I'm in a new writing group. I can hardly say it out loud. The last time I was in a writing group was when I was still in Haiti. By the time I left there, the members were already in several different time zones. It got too complicated to work out meetings. Now I'm meeting with someone (just two of us so far) in person, across from each other at a real wooden table instead of on Zoom. Is it real? It feels too good to be true.


We've only met once. We shared some work. Then the other group member showed me a poem she'd written in addition to her prose piece. It brought tears to my eyes. I asked to take a photo of it with my phone. She said yes, and I did. I remembered how much I love writing and being around writing, especially now that I'm teaching something different. 


I've written so little since moving here. I make myself do Birdtober and I've participated in the Poetry Month here (March), writing daily. I have a few things in my folder. But maybe I'll have more now.


Here's something I wrote in March. Like my friend's poem, it's about motherhood. Hers was better. But at least I wrote.



Bedtime


Then:
stories
songs
hugs and kisses
quiet

Now:
quiet


©Ruth Bowen Hersey


Miss Rumphius has this week's roundup.

Tuesday, January 14, 2025

Reading Update

Book #2 of 2025 was April's Grave, by Susan Howatch. This is a novel I'd never heard of before, and I thought I had read all of Susan Howatch's work. I found it among used books donated to a Ugandan NGO. Turns out there are a few more novellas like this one, published in 1974 and out of print. You can definitely see the Howatch style at work, but this is short, unlike her usual enormously long works. 
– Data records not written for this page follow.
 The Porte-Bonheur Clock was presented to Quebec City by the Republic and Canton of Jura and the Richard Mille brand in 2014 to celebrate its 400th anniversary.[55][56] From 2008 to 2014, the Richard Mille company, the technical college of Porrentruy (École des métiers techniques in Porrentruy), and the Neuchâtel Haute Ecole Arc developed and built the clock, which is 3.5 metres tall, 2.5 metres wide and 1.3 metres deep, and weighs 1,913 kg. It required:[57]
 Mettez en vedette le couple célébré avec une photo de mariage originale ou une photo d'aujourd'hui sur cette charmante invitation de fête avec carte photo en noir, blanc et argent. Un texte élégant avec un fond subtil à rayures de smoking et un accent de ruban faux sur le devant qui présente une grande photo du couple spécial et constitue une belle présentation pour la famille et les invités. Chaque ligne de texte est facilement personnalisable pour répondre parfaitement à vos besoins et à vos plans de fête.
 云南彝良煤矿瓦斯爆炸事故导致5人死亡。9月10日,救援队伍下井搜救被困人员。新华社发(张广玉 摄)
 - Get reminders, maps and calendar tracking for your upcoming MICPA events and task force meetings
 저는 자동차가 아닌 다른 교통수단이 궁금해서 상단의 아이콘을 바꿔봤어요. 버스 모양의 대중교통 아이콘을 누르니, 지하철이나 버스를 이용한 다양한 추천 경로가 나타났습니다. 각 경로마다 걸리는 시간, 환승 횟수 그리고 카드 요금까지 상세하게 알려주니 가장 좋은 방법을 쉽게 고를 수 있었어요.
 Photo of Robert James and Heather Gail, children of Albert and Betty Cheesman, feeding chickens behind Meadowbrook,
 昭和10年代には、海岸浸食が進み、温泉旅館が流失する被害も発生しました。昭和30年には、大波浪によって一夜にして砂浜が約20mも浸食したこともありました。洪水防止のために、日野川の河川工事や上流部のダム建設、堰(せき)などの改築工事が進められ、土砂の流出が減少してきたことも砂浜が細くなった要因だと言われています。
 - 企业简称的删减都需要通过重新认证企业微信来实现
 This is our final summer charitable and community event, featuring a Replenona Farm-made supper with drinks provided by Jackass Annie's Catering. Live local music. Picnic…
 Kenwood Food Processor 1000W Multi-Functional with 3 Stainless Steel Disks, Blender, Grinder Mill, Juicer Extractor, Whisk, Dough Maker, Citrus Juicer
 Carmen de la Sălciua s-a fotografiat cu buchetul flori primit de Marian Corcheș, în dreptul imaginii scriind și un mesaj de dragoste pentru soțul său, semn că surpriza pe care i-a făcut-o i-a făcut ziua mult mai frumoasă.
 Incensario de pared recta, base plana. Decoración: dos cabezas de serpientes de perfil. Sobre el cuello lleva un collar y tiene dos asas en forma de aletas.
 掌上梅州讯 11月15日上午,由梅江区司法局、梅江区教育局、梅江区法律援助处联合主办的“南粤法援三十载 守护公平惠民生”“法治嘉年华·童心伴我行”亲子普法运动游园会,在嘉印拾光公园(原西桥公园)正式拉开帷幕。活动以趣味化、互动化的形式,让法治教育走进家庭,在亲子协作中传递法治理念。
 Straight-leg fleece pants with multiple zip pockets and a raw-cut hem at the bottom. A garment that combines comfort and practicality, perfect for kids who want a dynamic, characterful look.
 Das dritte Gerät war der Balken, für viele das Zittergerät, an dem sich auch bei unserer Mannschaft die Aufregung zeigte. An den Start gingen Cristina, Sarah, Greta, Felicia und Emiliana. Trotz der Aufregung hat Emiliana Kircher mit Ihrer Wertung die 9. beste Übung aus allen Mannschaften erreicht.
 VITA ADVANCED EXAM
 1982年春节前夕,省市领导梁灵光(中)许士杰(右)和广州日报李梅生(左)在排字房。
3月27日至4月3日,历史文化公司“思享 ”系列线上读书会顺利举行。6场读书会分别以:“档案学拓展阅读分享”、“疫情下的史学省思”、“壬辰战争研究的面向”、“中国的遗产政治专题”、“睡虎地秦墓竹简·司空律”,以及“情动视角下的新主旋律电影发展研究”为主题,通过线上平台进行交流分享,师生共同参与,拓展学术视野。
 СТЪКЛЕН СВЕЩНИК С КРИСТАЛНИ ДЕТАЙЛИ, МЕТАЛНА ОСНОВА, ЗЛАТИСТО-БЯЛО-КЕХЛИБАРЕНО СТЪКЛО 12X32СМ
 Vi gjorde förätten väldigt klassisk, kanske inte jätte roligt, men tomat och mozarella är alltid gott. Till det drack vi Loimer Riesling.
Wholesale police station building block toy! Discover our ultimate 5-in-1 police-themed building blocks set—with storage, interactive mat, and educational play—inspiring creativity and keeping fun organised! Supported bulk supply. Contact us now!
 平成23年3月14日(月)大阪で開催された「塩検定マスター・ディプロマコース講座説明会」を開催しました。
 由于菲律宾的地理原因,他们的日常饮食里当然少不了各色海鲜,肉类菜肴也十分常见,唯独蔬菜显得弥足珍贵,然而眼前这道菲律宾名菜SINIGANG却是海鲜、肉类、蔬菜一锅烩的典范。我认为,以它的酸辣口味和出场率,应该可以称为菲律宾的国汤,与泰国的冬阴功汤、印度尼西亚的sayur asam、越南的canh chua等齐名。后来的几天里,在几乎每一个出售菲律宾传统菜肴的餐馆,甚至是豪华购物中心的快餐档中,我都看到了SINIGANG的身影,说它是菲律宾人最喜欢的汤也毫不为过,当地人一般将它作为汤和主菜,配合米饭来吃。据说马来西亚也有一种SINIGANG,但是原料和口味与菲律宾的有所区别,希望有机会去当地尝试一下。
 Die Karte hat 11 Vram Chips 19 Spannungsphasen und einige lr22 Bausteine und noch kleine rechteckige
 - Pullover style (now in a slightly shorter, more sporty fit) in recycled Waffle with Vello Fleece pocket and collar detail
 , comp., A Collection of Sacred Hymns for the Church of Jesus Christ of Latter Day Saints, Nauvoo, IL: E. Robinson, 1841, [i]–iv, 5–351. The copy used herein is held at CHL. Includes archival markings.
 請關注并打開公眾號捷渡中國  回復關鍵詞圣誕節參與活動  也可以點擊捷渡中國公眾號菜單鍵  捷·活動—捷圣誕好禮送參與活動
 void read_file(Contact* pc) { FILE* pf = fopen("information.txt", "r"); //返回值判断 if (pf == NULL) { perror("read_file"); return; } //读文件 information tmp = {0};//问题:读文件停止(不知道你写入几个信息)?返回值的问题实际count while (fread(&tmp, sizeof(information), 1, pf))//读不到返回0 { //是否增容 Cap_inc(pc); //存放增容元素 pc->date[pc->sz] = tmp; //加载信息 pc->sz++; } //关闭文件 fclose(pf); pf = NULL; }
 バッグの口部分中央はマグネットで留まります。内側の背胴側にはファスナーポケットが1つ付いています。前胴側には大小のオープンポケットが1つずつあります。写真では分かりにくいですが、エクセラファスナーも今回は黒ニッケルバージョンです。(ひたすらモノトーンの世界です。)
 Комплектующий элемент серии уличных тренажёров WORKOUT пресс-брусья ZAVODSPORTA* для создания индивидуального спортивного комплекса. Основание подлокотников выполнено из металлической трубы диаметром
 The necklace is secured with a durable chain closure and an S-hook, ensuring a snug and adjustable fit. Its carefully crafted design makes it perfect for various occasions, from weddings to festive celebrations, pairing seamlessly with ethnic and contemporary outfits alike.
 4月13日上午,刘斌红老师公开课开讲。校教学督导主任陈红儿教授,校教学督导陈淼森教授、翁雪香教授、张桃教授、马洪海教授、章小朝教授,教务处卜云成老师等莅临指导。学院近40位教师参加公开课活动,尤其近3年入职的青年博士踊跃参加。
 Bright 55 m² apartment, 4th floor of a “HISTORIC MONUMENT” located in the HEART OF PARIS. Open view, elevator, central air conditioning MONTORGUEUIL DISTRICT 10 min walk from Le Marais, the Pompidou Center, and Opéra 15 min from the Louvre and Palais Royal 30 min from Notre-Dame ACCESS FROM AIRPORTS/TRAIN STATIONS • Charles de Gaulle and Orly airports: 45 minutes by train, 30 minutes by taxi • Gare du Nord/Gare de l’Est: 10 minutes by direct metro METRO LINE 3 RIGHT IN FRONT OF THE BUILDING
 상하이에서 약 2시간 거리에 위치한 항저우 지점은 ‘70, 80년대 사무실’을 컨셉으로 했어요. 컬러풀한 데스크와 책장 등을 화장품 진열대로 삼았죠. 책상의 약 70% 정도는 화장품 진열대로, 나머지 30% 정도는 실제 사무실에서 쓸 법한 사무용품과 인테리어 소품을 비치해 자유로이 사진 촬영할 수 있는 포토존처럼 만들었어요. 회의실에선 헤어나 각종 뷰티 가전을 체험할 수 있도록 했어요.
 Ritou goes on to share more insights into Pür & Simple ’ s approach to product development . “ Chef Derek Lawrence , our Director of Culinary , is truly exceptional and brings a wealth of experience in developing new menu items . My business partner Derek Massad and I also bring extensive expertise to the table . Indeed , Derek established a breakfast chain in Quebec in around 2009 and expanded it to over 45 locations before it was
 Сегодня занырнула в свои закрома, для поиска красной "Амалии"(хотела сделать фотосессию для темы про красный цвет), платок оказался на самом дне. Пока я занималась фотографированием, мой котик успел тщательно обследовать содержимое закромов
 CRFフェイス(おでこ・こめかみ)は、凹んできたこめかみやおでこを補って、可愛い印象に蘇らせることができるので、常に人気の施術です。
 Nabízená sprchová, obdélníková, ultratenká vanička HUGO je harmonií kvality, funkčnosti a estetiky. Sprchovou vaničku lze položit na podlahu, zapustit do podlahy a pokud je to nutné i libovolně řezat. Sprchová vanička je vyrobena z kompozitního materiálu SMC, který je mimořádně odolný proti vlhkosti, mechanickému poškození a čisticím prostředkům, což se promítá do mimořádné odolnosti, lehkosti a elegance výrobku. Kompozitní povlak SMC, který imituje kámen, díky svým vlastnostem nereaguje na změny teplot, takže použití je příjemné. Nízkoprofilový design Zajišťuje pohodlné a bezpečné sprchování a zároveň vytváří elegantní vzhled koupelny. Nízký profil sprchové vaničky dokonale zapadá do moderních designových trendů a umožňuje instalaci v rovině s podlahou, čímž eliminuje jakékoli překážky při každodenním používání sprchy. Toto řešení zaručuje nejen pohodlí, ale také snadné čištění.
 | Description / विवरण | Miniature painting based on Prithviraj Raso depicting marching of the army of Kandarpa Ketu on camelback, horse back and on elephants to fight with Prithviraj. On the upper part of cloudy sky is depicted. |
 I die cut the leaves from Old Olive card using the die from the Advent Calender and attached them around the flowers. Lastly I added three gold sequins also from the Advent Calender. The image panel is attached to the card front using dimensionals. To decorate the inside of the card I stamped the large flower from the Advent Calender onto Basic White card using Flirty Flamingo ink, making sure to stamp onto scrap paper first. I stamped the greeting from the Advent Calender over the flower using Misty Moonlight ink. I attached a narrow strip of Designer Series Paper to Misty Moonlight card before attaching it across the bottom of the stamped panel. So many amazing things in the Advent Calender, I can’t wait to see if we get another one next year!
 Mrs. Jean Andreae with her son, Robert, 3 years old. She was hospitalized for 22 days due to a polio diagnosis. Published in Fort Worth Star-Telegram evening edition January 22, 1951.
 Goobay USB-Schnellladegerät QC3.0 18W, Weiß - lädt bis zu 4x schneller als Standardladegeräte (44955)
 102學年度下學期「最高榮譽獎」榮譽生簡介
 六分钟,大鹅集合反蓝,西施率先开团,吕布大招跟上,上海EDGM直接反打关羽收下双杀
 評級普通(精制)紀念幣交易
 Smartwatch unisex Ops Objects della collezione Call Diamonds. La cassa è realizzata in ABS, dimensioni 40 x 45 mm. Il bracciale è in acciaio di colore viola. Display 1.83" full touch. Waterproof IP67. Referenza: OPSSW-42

Book #3 was Light on Snow, by Anita Shreve. This is a terribly sad, but ultimately redemptive story of a father and daughter who find an abandoned baby.


Book #4 was The Covenant of Water, by Abraham Verghese. Set in South India, this is a sprawling story of multiple generations of a family. I found it on several end-of-year lists for 2024, and inevitably it was named as a favorite. It was so good and so absorbing that now I will definitely have to read his other book that everyone is always talking about, Cutting for Stone.